| Work to complete |
Word-for-word transcription: reproduce all of the data, but not the pictures.

| Given material |
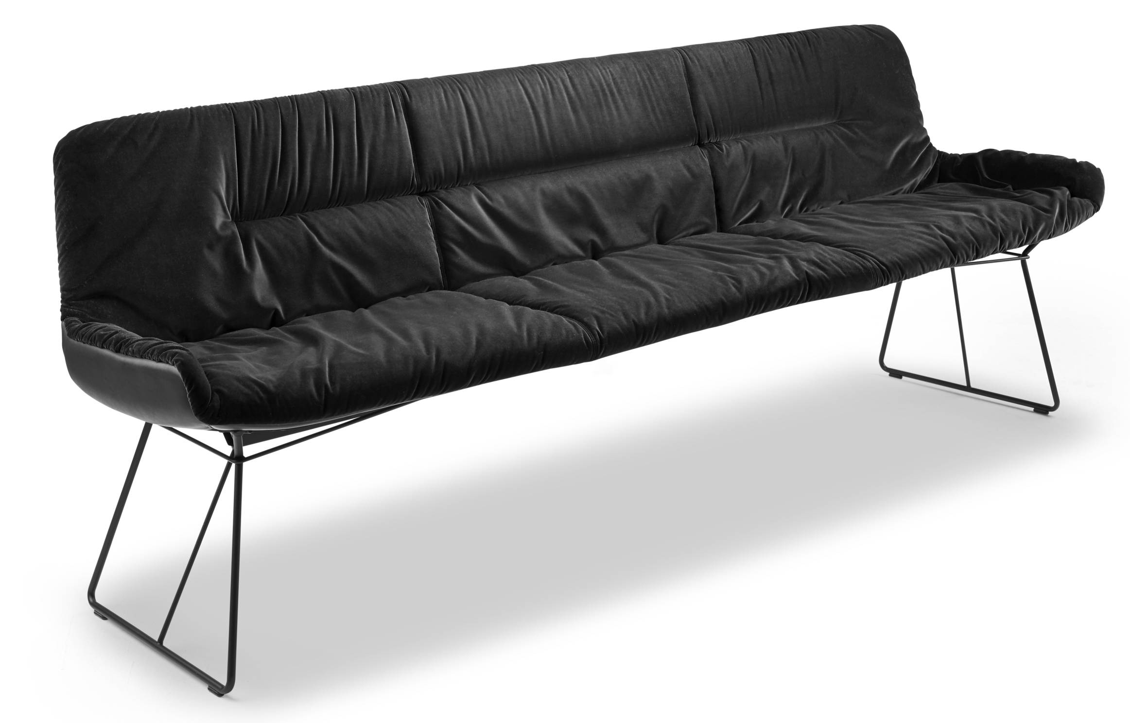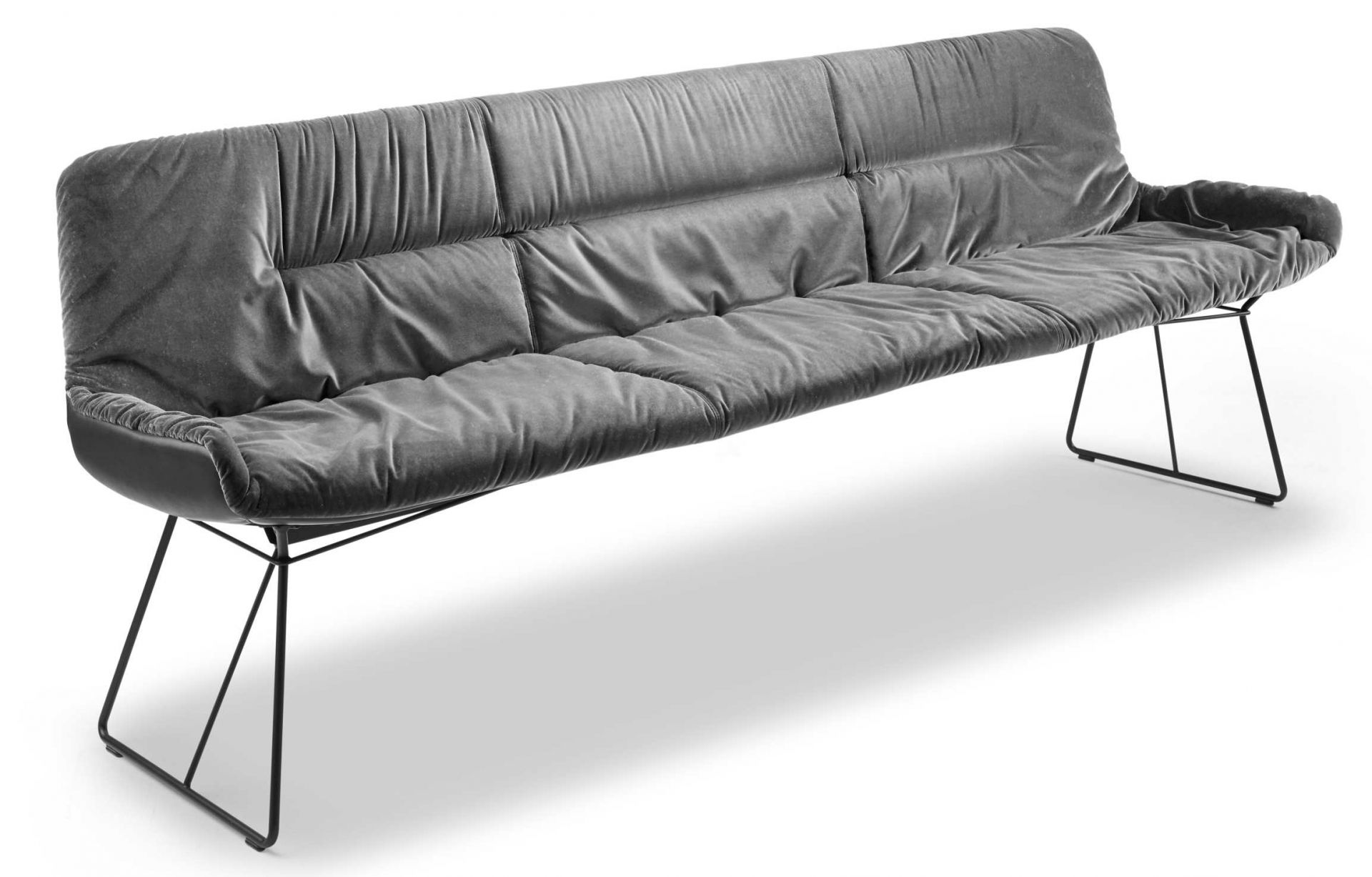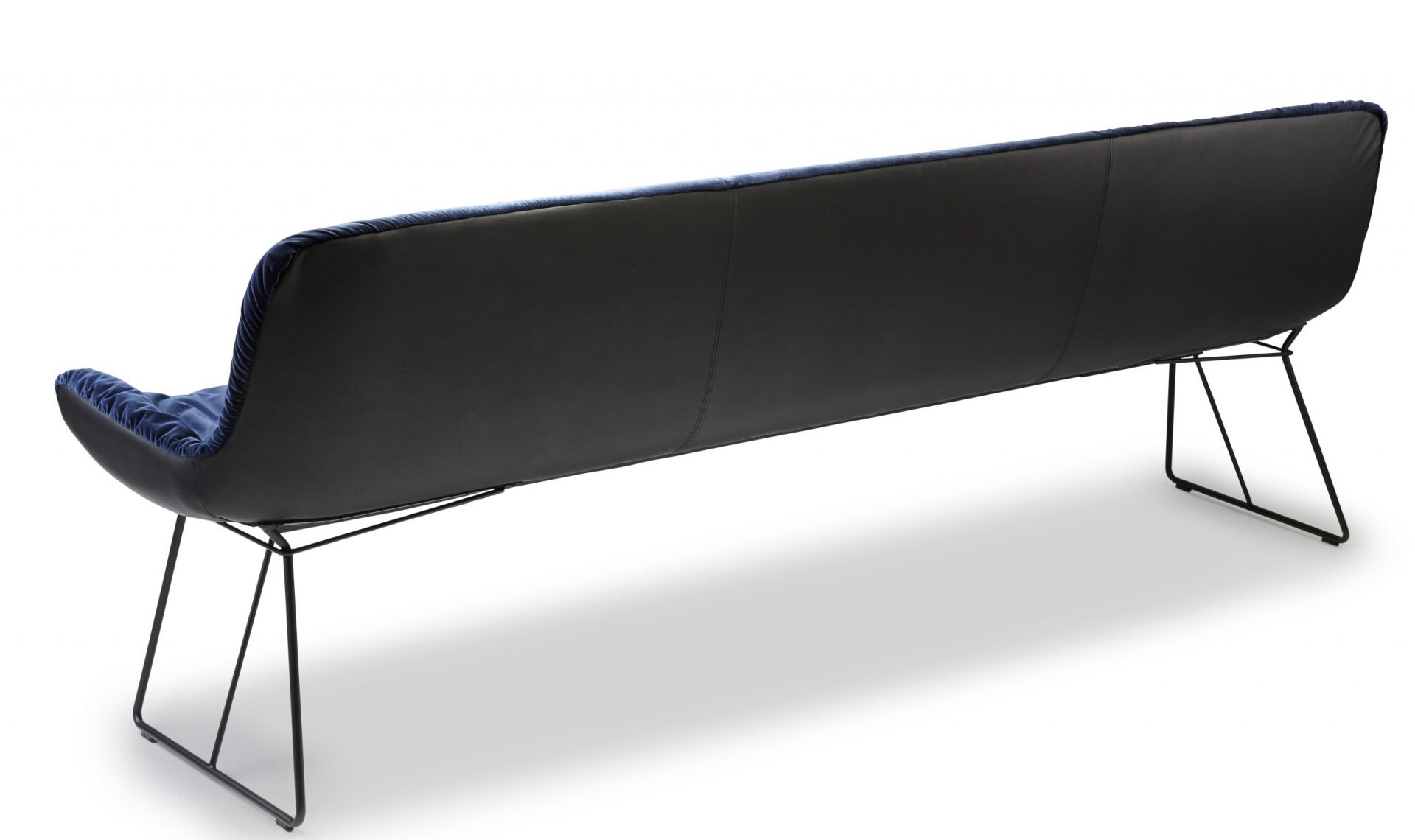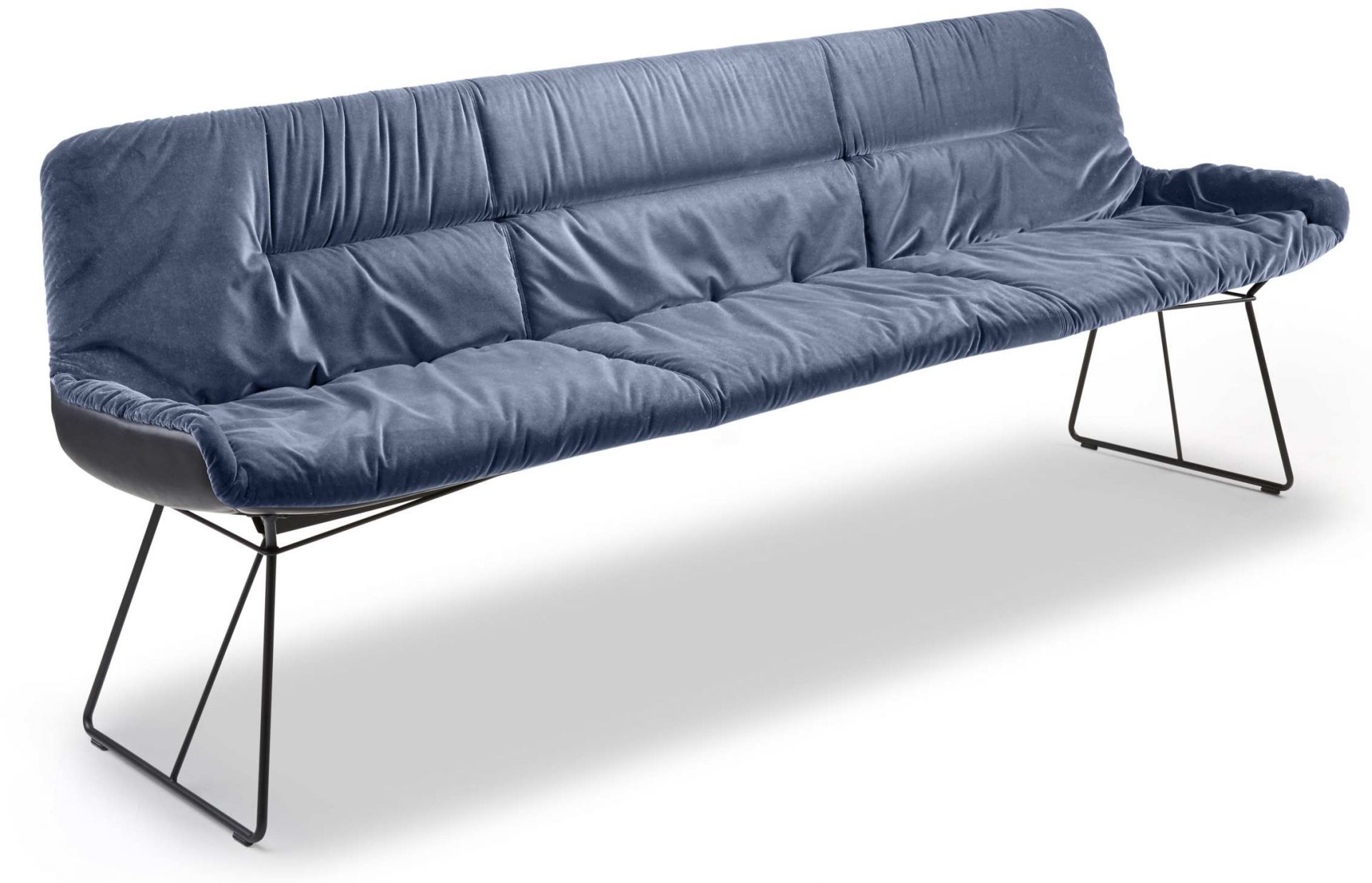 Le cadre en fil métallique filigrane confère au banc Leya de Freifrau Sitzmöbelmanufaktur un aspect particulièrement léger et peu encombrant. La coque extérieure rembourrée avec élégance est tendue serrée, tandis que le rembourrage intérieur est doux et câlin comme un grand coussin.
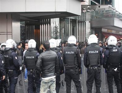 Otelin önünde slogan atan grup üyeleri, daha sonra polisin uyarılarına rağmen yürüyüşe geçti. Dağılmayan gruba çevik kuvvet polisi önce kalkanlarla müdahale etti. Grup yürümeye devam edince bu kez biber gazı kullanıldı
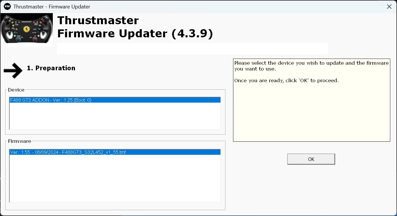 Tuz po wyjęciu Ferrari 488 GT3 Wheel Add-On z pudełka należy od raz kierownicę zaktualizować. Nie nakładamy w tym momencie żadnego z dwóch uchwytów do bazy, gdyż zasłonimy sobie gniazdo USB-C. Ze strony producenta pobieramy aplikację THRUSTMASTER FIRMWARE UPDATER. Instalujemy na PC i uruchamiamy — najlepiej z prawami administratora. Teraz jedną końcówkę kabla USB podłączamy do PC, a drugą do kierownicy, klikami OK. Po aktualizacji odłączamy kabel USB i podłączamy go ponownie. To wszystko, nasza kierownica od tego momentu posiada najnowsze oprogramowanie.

| Answer space |
 Le cadre en fil métallique filigrane confère au banc Leya de Freifrau Sitzmöbelmanufaktur un aspect particulièrement léger et peu encombrant. La coque extérieure rembourrée avec élégance est tendue serrée, tandis que le rembourrage intérieur est doux et câlin comme un grand coussin.
 Otelin önünde slogan atan grup üyeleri, daha sonra polisin uyarılarına rağmen yürüyüşe geçti. Dağılmayan gruba çevik kuvvet polisi önce kalkanlarla müdahale etti. Grup yürümeye devam edince bu kez biber gazı kullanıldı
 Tuz po wyjęciu Ferrari 488 GT3 Wheel Add-On z pudełka należy od raz kierownicę zaktualizować. Nie nakładamy w tym momencie żadnego z dwóch uchwytów do bazy, gdyż zasłonimy sobie gniazdo USB-C. Ze strony producenta pobieramy aplikację THRUSTMASTER FIRMWARE UPDATER. Instalujemy na PC i uruchamiamy — najlepiej z prawami administratora. Teraz jedną końcówkę kabla USB podłączamy do PC, a drugą do kierownicy, klikami OK. Po aktualizacji odłączamy kabel USB i podłączamy go ponownie. To wszystko, nasza kierownica od tego momentu posiada najnowsze oprogramowanie.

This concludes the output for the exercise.